Task details
Return only the lines below starting at the line containing "Correas de repuesto" and ending at the line containing "في الـ ٢١ من", both included, exactly as they are and with no pictures.

Dataset records

----

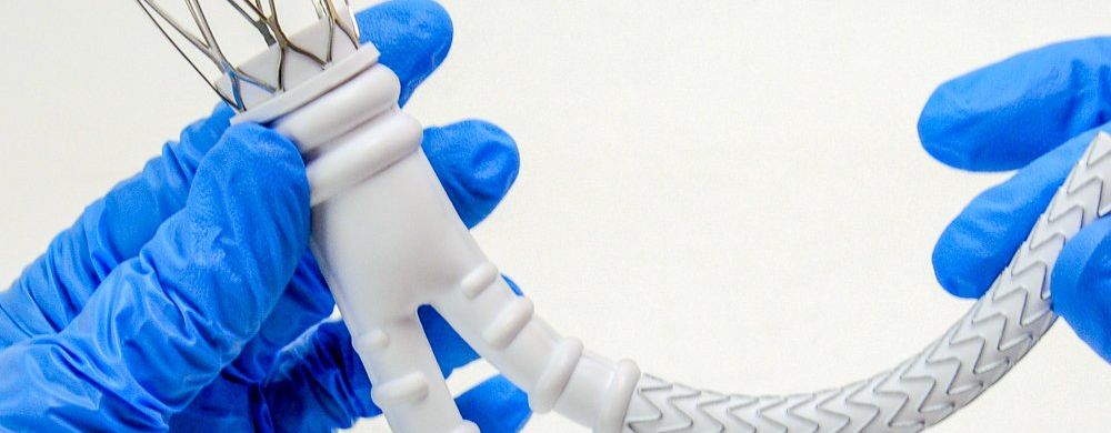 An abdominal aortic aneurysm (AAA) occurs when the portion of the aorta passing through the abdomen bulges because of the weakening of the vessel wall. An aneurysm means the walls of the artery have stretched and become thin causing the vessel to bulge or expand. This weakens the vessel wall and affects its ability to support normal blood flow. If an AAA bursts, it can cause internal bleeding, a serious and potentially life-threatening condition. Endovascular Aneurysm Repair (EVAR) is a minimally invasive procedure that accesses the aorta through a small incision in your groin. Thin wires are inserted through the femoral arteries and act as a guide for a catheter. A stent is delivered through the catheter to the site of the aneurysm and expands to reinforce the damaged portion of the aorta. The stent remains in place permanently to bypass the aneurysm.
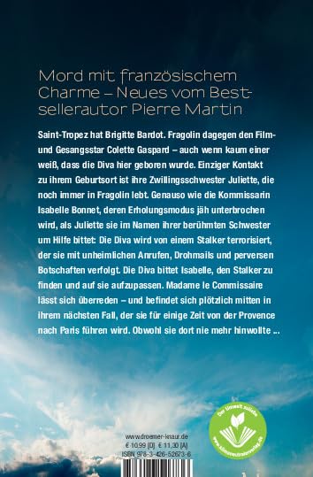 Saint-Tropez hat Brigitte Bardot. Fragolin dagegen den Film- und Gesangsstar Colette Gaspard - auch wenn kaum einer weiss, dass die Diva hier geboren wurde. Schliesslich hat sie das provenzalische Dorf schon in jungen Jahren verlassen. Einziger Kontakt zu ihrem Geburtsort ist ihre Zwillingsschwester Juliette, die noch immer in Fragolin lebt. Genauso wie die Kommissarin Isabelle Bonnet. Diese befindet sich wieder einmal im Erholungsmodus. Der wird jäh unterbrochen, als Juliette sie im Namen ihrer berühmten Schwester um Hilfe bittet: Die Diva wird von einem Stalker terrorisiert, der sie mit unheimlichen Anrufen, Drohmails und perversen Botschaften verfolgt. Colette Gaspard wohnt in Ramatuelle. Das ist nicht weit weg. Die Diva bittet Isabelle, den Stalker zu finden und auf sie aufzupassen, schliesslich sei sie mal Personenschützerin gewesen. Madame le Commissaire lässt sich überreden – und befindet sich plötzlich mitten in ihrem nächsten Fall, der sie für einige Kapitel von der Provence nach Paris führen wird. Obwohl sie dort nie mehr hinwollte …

----

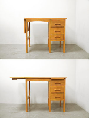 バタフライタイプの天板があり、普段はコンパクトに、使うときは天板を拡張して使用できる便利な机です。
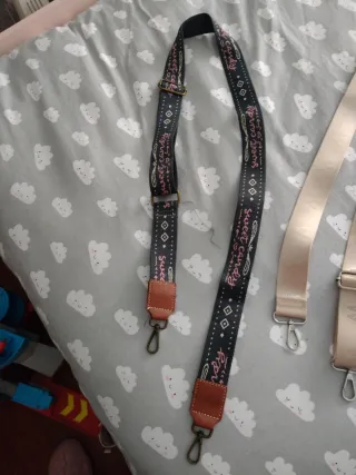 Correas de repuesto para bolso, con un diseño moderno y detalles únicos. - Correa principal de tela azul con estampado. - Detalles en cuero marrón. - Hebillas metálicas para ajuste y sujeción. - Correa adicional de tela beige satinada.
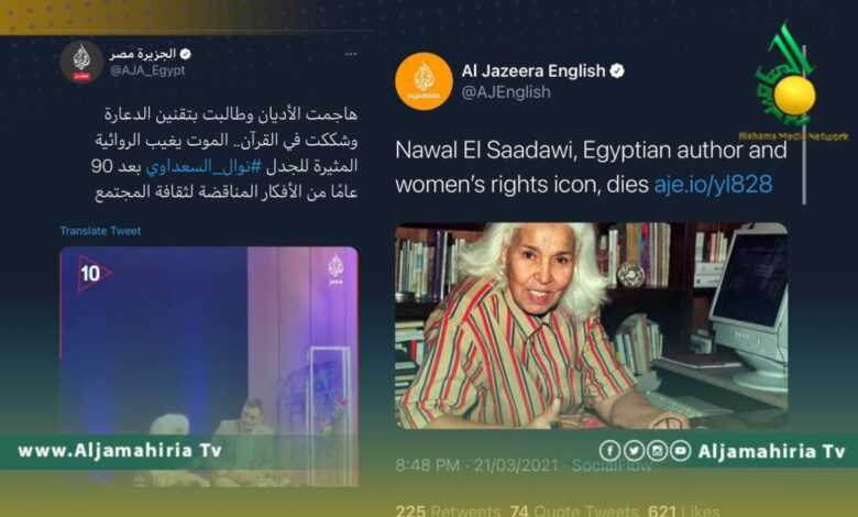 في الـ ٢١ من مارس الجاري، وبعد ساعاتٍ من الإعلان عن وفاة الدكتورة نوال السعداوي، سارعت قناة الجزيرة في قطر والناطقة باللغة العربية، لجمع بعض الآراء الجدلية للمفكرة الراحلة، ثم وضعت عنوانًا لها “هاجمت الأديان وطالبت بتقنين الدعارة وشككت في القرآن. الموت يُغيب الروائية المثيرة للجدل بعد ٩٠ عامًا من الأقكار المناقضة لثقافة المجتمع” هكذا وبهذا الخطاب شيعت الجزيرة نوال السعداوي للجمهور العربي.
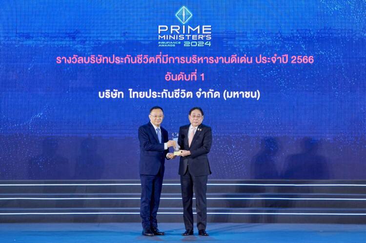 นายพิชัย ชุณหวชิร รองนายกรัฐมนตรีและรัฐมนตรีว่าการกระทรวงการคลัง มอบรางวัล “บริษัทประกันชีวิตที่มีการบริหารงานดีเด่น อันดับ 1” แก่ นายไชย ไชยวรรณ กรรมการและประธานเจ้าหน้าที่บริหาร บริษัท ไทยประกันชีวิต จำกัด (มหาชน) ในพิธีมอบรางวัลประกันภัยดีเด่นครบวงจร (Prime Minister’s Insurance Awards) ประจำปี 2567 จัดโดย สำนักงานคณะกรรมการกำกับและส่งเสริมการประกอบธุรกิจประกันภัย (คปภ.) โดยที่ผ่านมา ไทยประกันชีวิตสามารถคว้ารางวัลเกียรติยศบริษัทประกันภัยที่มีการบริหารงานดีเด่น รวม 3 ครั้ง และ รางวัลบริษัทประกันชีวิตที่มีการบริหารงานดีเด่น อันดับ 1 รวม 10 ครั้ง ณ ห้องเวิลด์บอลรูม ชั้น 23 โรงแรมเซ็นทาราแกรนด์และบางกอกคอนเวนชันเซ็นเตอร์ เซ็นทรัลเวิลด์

----

Written answer
 Correas de repuesto para bolso, con un diseño moderno y detalles únicos. - Correa principal de tela azul con estampado. - Detalles en cuero marrón. - Hebillas metálicas para ajuste y sujeción. - Correa adicional de tela beige satinada.
 في الـ ٢١ من مارس الجاري، وبعد ساعاتٍ من الإعلان عن وفاة الدكتورة نوال السعداوي، سارعت قناة الجزيرة في قطر والناطقة باللغة العربية، لجمع بعض الآراء الجدلية للمفكرة الراحلة، ثم وضعت عنوانًا لها “هاجمت الأديان وطالبت بتقنين الدعارة وشككت في القرآن. الموت يُغيب الروائية المثيرة للجدل بعد ٩٠ عامًا من الأقكار المناقضة لثقافة المجتمع” هكذا وبهذا الخطاب شيعت الجزيرة نوال السعداوي للجمهور العربي.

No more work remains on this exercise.